I've tried removing the serialization (json_serde) and sending the HashMaps in the channel instead but I still get deadlocks on my computer. If I however comment the send(generator.next()) line and send a string myself, code works flawlessly, thus the deadlock is caused by my DatasetGenerator, but I don't understand why.
Code summary:
Have a DatasetGenerator object that can generate sequences of "events" and serialize them to JSON.
generator.next() works like an "iterator" - It increments an internal atomic counter in the generator and then generates the i-th item in the sequence + serializes the JSON.

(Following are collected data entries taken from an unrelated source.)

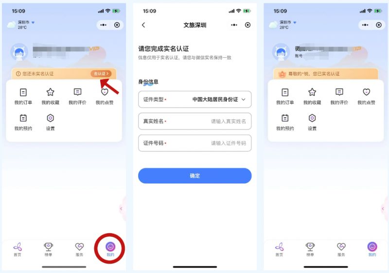 2.点击右下角【我的】页面,选择【去认证】后,输入身份信息即可完成认证。
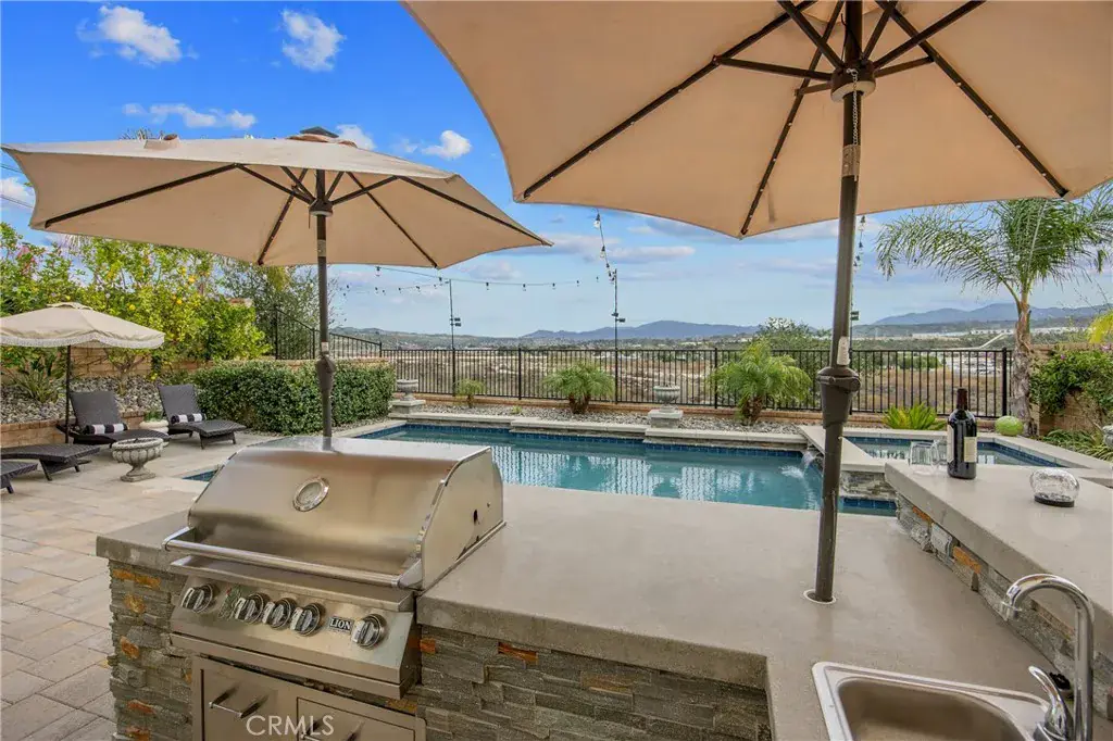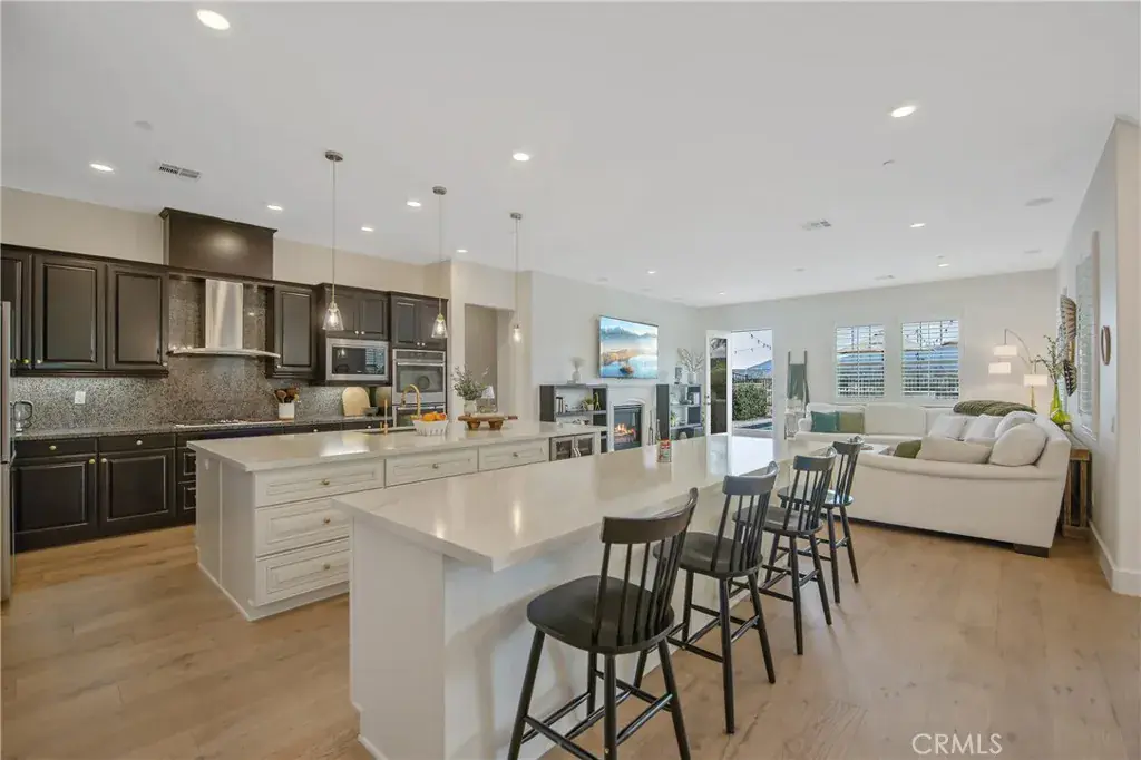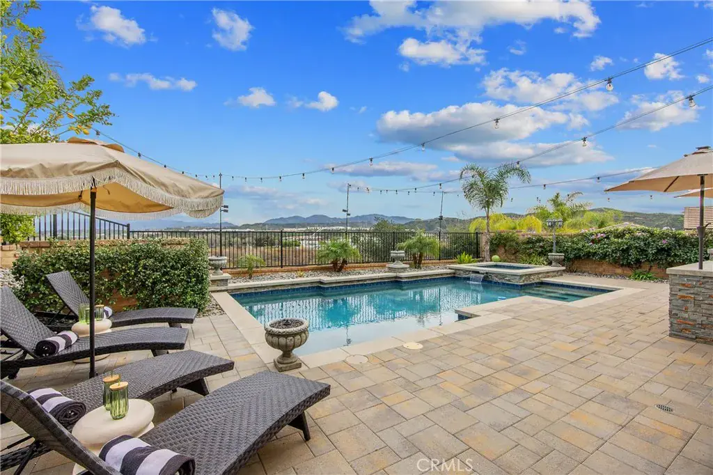 Welcome to this Stunning River Village Pool Home, beautifully Elevated to capture Serene Riverbed Views and Sparkling City Lights. Thoughtfully Upgraded throughout, the Home features Elegant Quartz & Granite Countertops, Crown Moldings, Custom shutters, Recessed lighting, Upgraded carpeting, and Engineered Wood flooring, all Complimenting a Light, Bright Open floor plan designed for both Everyday Living and Entertaining. The Main level offers a True Gourmet kitchen with a Walk-in Pantry, Double Islands, Beverage Center, Stainless Steel appliances, and Abundant storage opening to a Spacious Great Room-Family Room with a Cozy Fireplace and Breathtaking Views of the Riverbed. A Formal Living Room adds Refined Entertaining space, while a dedicated Office and Private bedroom with an En-suite Bathroom provide Flexibility for Multigenerational Living. Upstairs the expansive Primary Retreat is a private Sanctuary, complete with a Beverage Center, Coffee Bar, Office area, Luxurious Bedroom and Spa Inspired Bathroom. Additional Highlights Include a Large Laundry Room with Plentiful Storage Capabilities, Spacious Loft, a Bedroom with En-suite Bathroom, Two Generously Sized Guest Bedrooms and a Full Bathroom which includes Dual Vanities, Quartz Counters and a Dual Shower Head. All Bedrooms are Oversized offering Comfort and Versatility throughout. Step Outside to your Resort-Style Outdoor Retreat, featuring a Built-in Barbeque, Pool and Spa with Waterfall, Dramatic Fire Bowls, a Fire table and a Covered Patio with Fireplace and TV – Perfect for year round Enjoyment. Beautiful Pavers enhance the backyard, where you can Relax in total privacy with no neighbors behind. Ideally Located at River Village in the Heart of Santa Clarita, this Exceptional Home is just moments from Premier Shopping, Dining and Entertainment- Offering Luxury Living in an Unbeatable Setting. Completing this Exceptional Home are a Generous 3 Car Garage, an Oversized Full Length Storage Closet beneath the Staircase, and Energy Efficient Tankless Water Heaters, and the Backyard Retreat has a Lemon, Lime and Blood Orange Tree.
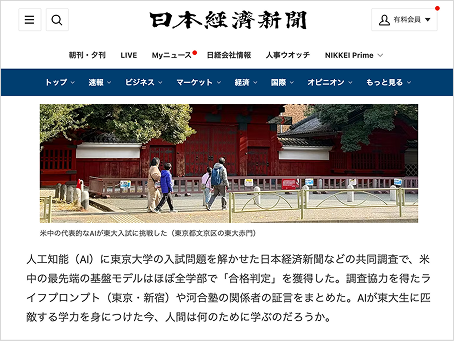 2025年4月6日付の朝刊で、日本経済新聞をはじめ全国34紙に、弊社の取り組みが掲載されました。 本記事では、1月に実施した大学入学共通テストを生成AIに解かせる企画に続き、新たに東大入試を解かせてみる試みを行いました。ChatGPT o1・DeepSeek R1がともに理3合格水準に達したことが、河合塾様の採点協力により明らかになっています。 記事では、以下のようなテーマについて取り上げられています: - 2025年度東大入試における生成AIの実力検証 - ChatGPT o1とDeepSeek R1の答案分析と比較 - 生成AIの進歩と現時点での限界 「東大生レベルの思考に、誰でもアクセスできる時代」の意義 詳しくは、弊社noteで詳細な実験結果をご覧いただけます。 【東大理3合格】ChatGPT o1とDeepSeek R1に2025年度東大受験を解かせた結果と答案分析【採点協力:河合塾】 https://note.com/lifeprompt/n/n0078de2ef36b 掲載メディア(ウェブ版) 日本経済新聞:米中AIの「東京大学合格記」 私たち人間はなぜ学ぶのか 日本経済新聞:米中の新型AIが東大理3「合格」 英語で強み、数学は苦戦 共同通信:AIが東大理科3類「合格水準」 25年入試、最低点を上回る 日経クロステック:OpenAI o1が2025年東大文系入試を余裕で突破、理三合格レベルにも到達

Have a generator threadpool generate these JSONs at high throughput (very large payloads each)
Send these JSONs through a channel to other thread (which will send them through network but irrelevant for this question)
Depending if I comment tx_ref.send(generator_ref.next()) or tx_ref.send(some_new_string) below my code deadlocks or succeeds:
src/main.rs:
extern crate threads_pool;
use threads_pool::*;
mod generator;
use std::sync::mpsc;
use std::sync::Arc;
use std::thread;
fn main() {
// N will be an argument, and a very high number. For tests use this:
const N: i64 = 12; // Increase this if you're not getting the deadlock yet, or run cargo run again until it happens.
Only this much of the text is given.